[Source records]
┄┄┄┄┄┄┄┄┄┄
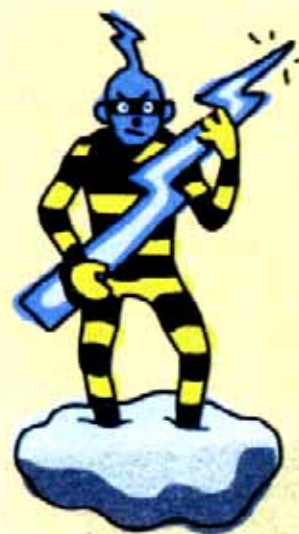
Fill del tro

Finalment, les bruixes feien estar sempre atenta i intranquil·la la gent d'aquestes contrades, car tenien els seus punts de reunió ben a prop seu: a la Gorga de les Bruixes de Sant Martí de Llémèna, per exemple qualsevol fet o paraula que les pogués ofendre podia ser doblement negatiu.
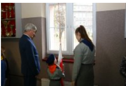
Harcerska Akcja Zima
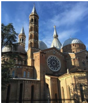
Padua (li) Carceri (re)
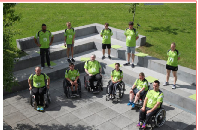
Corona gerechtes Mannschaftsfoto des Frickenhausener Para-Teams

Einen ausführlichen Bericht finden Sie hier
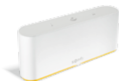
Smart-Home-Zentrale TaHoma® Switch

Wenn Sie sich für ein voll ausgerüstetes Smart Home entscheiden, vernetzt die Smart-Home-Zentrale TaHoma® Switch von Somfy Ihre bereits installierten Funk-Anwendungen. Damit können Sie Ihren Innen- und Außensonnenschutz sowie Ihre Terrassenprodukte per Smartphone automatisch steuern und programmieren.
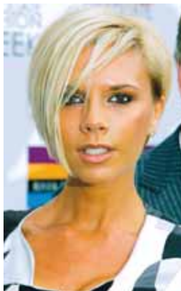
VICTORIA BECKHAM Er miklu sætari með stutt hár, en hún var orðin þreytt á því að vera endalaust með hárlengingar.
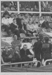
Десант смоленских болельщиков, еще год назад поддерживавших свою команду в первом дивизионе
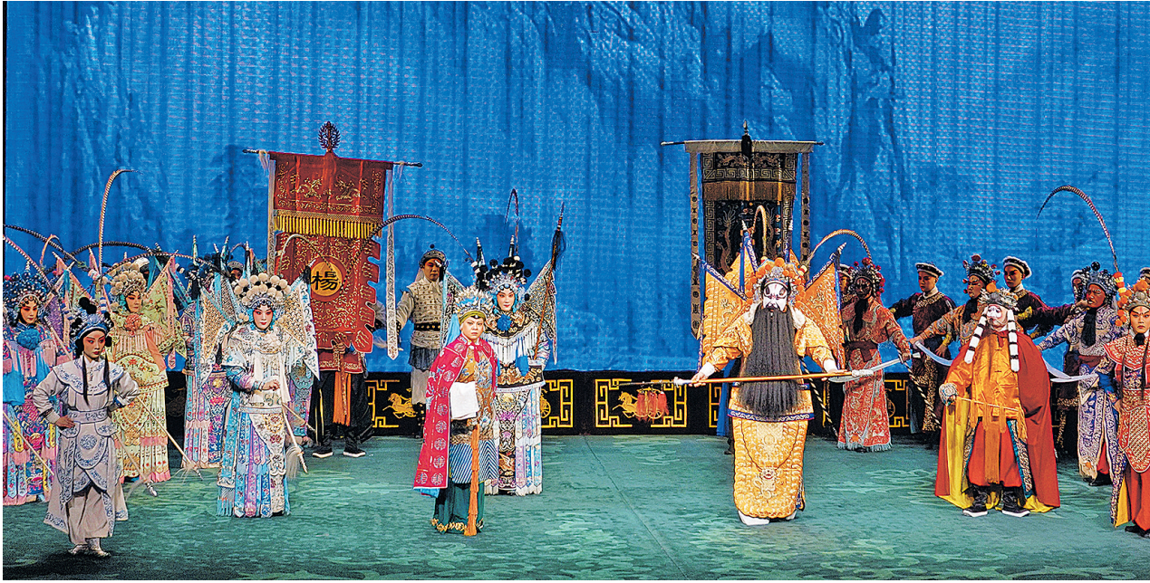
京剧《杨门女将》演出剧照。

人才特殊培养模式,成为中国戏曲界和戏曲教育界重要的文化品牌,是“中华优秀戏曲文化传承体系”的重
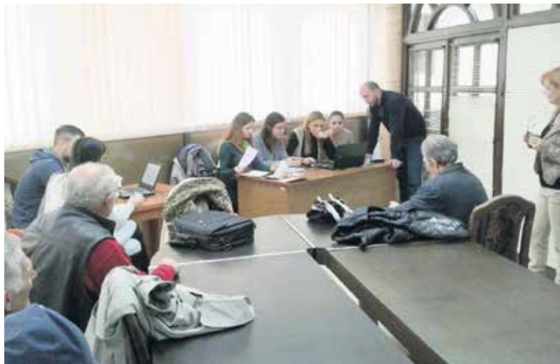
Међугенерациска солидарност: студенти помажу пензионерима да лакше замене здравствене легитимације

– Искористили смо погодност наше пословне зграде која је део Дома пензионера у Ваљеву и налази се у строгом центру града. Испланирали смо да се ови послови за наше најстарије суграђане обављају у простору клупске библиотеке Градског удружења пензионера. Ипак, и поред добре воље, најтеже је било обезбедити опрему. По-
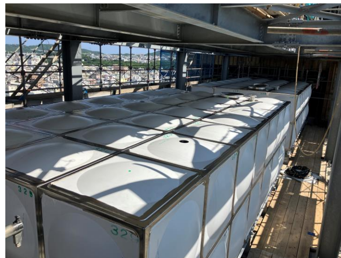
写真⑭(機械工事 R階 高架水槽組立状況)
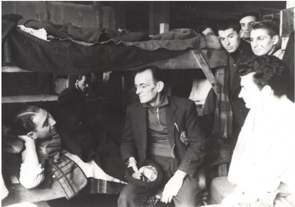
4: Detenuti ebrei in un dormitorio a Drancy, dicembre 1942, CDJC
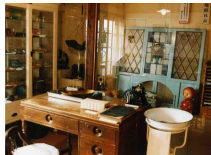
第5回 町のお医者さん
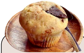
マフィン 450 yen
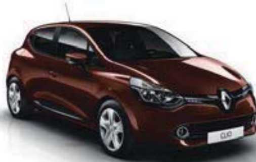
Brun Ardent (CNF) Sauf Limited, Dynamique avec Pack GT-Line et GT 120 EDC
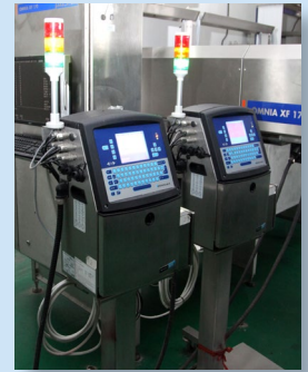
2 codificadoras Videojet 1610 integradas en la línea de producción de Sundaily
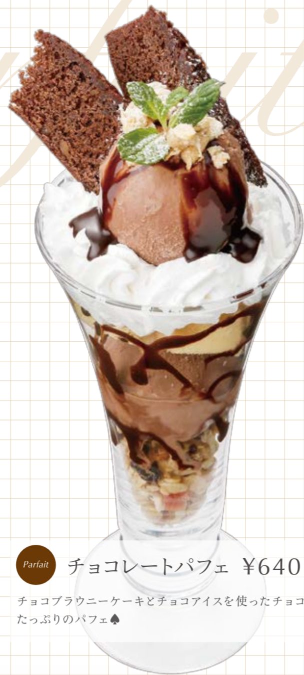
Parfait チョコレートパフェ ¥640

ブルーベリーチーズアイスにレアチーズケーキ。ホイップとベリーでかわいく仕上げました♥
┄┄┄┄┄┄┄┄┄┄
_DIRECTIONS FOR THIS TASK:_
The answer consists solely of the lines from the one holding "Brun Ardent (CNF)" through the final line of the records, both ends included, each duplicated exactly. Leave images out.

_OUTPUT:_
Brun Ardent (CNF) Sauf Limited, Dynamique avec Pack GT-Line et GT 120 EDC
2 codificadoras Videojet 1610 integradas en la línea de producción de Sundaily
Parfait チョコレートパフェ ¥640

ブルーベリーチーズアイスにレアチーズケーキ。ホイップとベリーでかわいく仕上げました♥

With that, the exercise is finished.